– Сдачи не надо, – сказал он с сочащейся сарказмом вежливостью.
Неторопливо пройдя мимо меня, Отум вышел на улицу. Колокольчик позвенел ему на прощание. Мы с девушкой стояли неподвижно, словно два дерева, которым вздумалось прорасти прямо сквозь пол магазина. Ее взгляд уперся в камень в моей руке. Я смущенно убрал камень в карман, и он тяжело скользнул вниз, натянув ткань.
– Забудьте, – произнес я через силу и, уже повернувшись к двери, смущенно добавил: – Извините.
По моим щекам, лбу и носу медленно расползался жгучий жар, будто я включил конфорку и наклонился над ней.
Снаружи магазина Отум лениво рассматривал свои острые ногти. Миико вытянулся столбиком, как суслик.
– Идем дальше? – осведомился Отум, карикатурно поднимая брови.
Как будто у нас был выбор, идти или не идти. Мы вытащили все из пакета и разделили ношу на троих. Я был действительно счастлив, что мы уходим подальше от магазина (и что ничего серьезного там не стряслось, не считая того, что Отум подтвердил своим поведением самые мрачные из моих предположений).
Каждые двадцать шагов Отум начинал ржать, и в эти секунды меня охватывала готовность убить его едва ли не большая, чем возле двери магазина.
– Камень, может, выбросишь? – давясь от смеха, напомнил Отум.
– Оставлю на всякий случай, – откликнулся я с прохладцей.
– Конечно, – легко согласился Отум. – Кто знает, когда еще пригодится. Но с кем – можно предсказать. Только смотри, чтобы под его тяжестью с тебя штаны не свалились.
Губы Отума задрожали в очередном приступе смеха. Миико подавленно молчал. Я надеялся, что и Отум наконец заткнется, но ждать от него милосердия все равно что ждать песен от рыбы.
– А что, – продолжил Отум, – ты бы так легко вмазал мне булыжником по затылку?
– Давай проверим? – хмуро предложил я. – Встань передо мной и отвернись.
– Какая храбрая детка, – восхитился Отум. – Но мы и без проверок знаем, что я тебя живьем в землю закопаю, да?

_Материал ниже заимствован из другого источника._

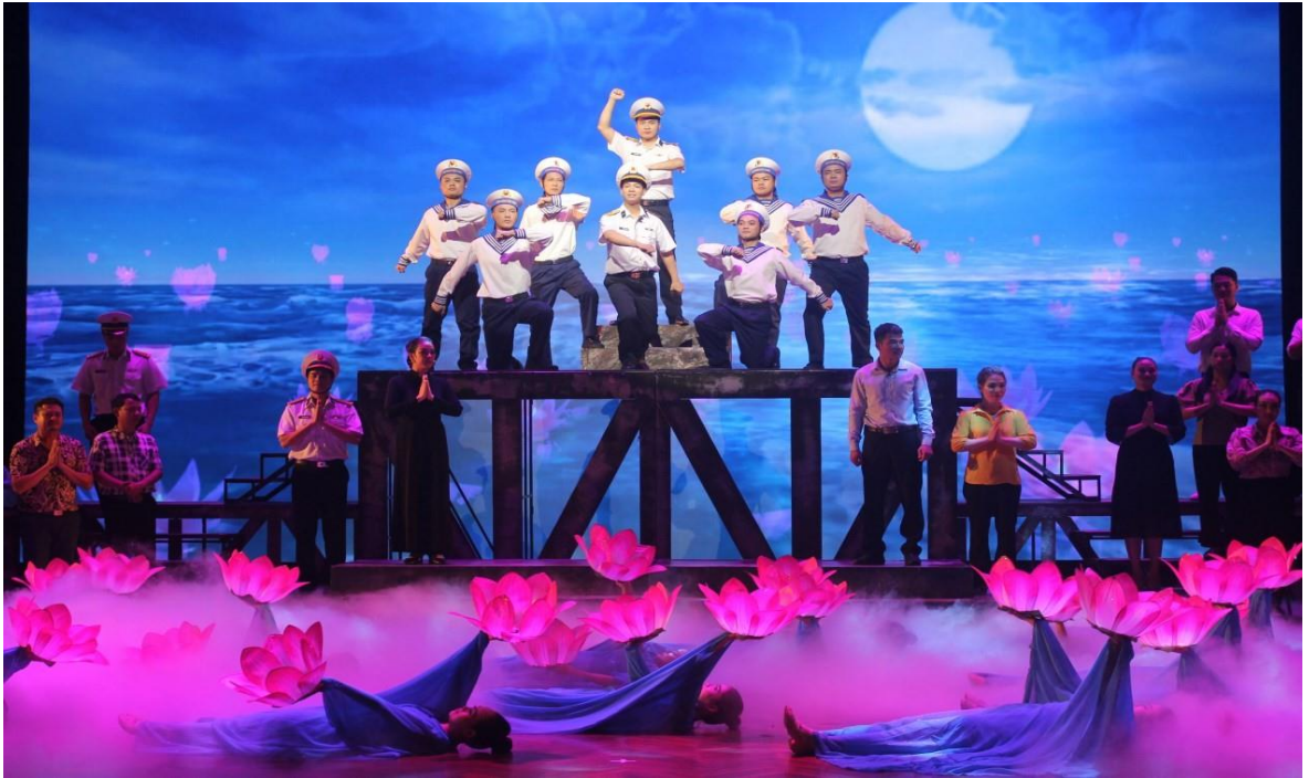
Ảnh 23: Cảnh trong vở Đất liền và biển cả . Huy chương vàng Hội diễn nghệ thuật chuyên nghiệp về đề tài quốc phòng toàn dân năm 2023.

Да, я это понимал. С каждым очередным глупым смешком Отума у меня в горле все выше поднималась тошнота. Мне было действительно все равно, что сейчас я выгляжу слабаком, и я пошел быстрее, убегая от его голоса.

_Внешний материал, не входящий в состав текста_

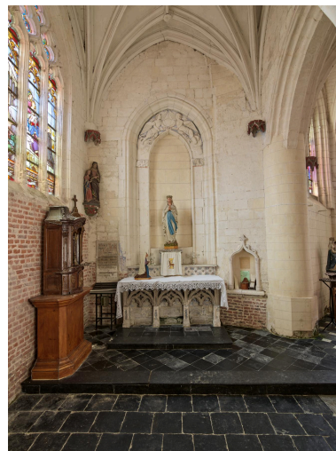
Vue intérieure de la chapelle nord. IVR32_20236200182NUCA

Где-то час, полтора (раньше у меня были часы, но они разбились в драке с Отумом) я шел на расстоянии от остальных. В голове шумело, будто я приложил к каждому уху по большой морской раковине.
5. Пальцы
На меня навалилась страшная усталость, и я тащил рюкзак уныло, как столетняя черепаха свой опостылевший панцирь. Голова налилась пульсирующей болью, глаза жгло, будто в них песка насыпали – что было близко к истине, потому что в воздухе мошкарой носилась легкая мелкая пыль. Я не видел ее, но чувствовал, осевшую тонким слоем на моем лице. Мне уже хотелось, чтобы снова начался дождь и прибил пыль к земле. Откуда она вообще взялась?
Миико было еще хуже, чем мне. Он не решался на нытье, но его глубоко несчастный вид говорил сам за себя.

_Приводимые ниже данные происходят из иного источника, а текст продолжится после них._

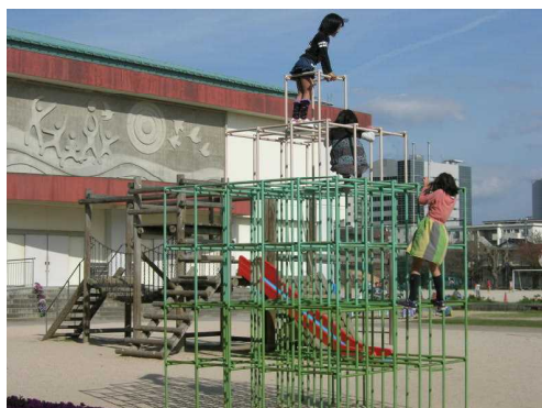
放課後もたくさんの子ども達が

День уходил не спеша. Как дым, вокруг нас стягивались сизые сумерки. Отум может хоть никогда не знать усталости, но спать-то ему нужно? Он быстро шагал вперед, думая о чем-то своем, и даже если бы мы с Миико рухнули на асфальт и остались лежать, он бы не остановился.
Прошли ночь и день, как мы покинули Рарех, а казалось, что не меньше недели. Когда весь день пялишься на асфальт впереди себя, время течет медленно. Набухающие тучи делали вечер особенно мрачным. Они походили на медленно наливающиеся фиолетовой мутью свежие синяки. Не самые приятные ассоциации, но все мои мысли сейчас были неприятны и лишь усиливали головную боль, уже переползающую на зубы.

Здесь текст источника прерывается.